The process of renewing device certificates involves Pelion Device Management and Device Management Client. You can trigger the process by calling the Device Management API from the Device Management Portal, or from your device.

As part of this process, the device generates a new key in PKCS10 format, creates a certificate signing request (CSR) based on the existing certificate, and sends the CSR to Device Management.

Device Management sends the CSR to be signed by your third-party certificate authority (CA). By default, the internal Device Management CA signs LwM2M certificates; however, a third-party CA can also sign LwM2M certificates.

Device Management then sends the signed certificate back to the device in the field, or if a gateway is used, Device Management sends the signed certificate to the gateway device. If you use a third-party CA that supports providing a chain of trust, your device is provisioned with the full chain of trust.

Cert renewal overview

For more details about the service- and device-initiated certificate renewal processes, see the certificate renewal tutorial.

Prerequisites

To enable certificate renewal, you must:

Provisioning keys and certificates during device manufacture

You can provision several certificates to a device during device manufacture.

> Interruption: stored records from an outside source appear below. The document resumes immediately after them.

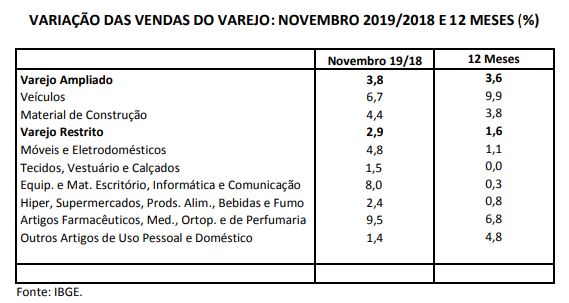 Segundo o Instituto Brasileiro de Geografia e Estatística (IBGE), em novembro, os volumes de vendas do varejo restrito (que não inclui veículos e material de construção) e do ampliado (que inclui todos os segmentos) registraram altas de 2,9% e 3,8%, respectivamente, sobre o mesmo mês de 2018 (ver tabela abaixo). Em 12 meses, houve leve perda de intensidade do crescimento de ambos tipos de varejo (1,6% e 3,6%, respectivamente), em relação a outubro.
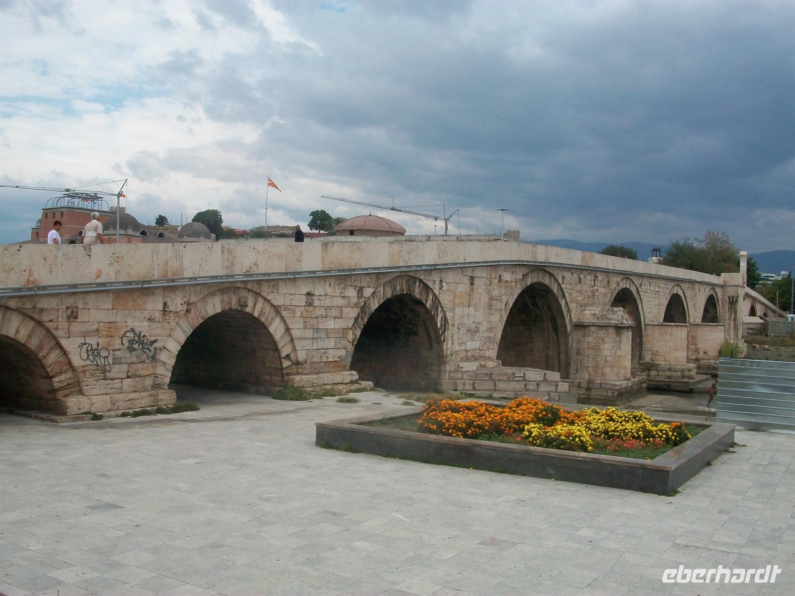 Gegen 11.45 Uhr erreichen wir Skopje und wir können gleich mit der Stadtführung beginnen. Auch hier ist ein wichtiges Wahrzeichen die Festung welche auf einer Anhöhe liegt und uns einen schönen Blick auf die Hauptstadt bietet. Unser Stadtführer weiß viele Einzelheiten aus der bewegten Stadtgeschichte zu erzählen, dann beginnen wir den Rundgang durch den historischen Teil. Ähnlich wie in Sarajevo gibt es hier einen osmanischen Stadtteil mit den typischen niedrigen Häusern, Moscheen und interessanter Architektur dieser Zeitepoche. Dann führt uns der Weg über den Vardar, dem Fluss, der die Stadt in zwei Hälften teilt. Wir betreten nun den modernen Teil der Stadt.
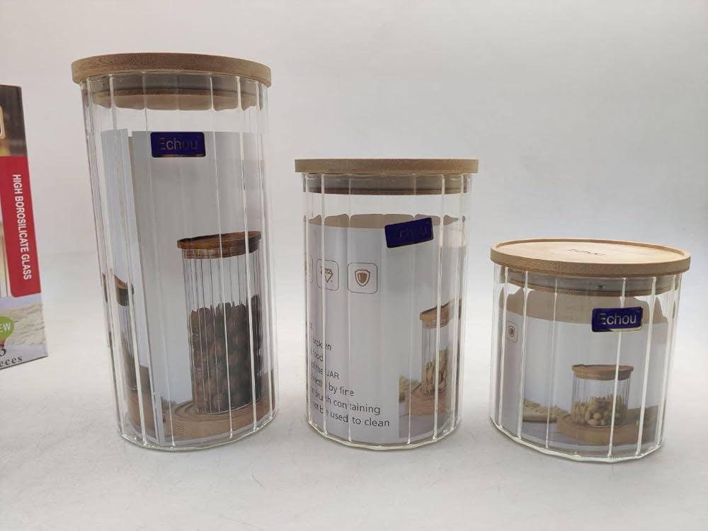 Ideal for storing and organizing kitchen essentials, this GLASS JAR SET helps keep your ingredients fresh and easily accessible. With 100% glass construction, these jars provide a clear view of contents and are also dishwasher safe for easy cleaning. Say goodbye to messy and cluttered cabinets with this convenient set.

By default, during the factory provisioning process, you place a key and certificate on your device to enable TLS encryption during the bootstrap flow, as part of which the device connects to Device Management and gets its LwM2M service credentials. For more information about the factory provisioning process, see the Pelion Device Management Factory Provisioning documentation site.

In the field, you can renew:

  • LwM2M certificates.

  • Custom keys and certificates that you provision in the factory, including:

    • A custom generated certificate key pair.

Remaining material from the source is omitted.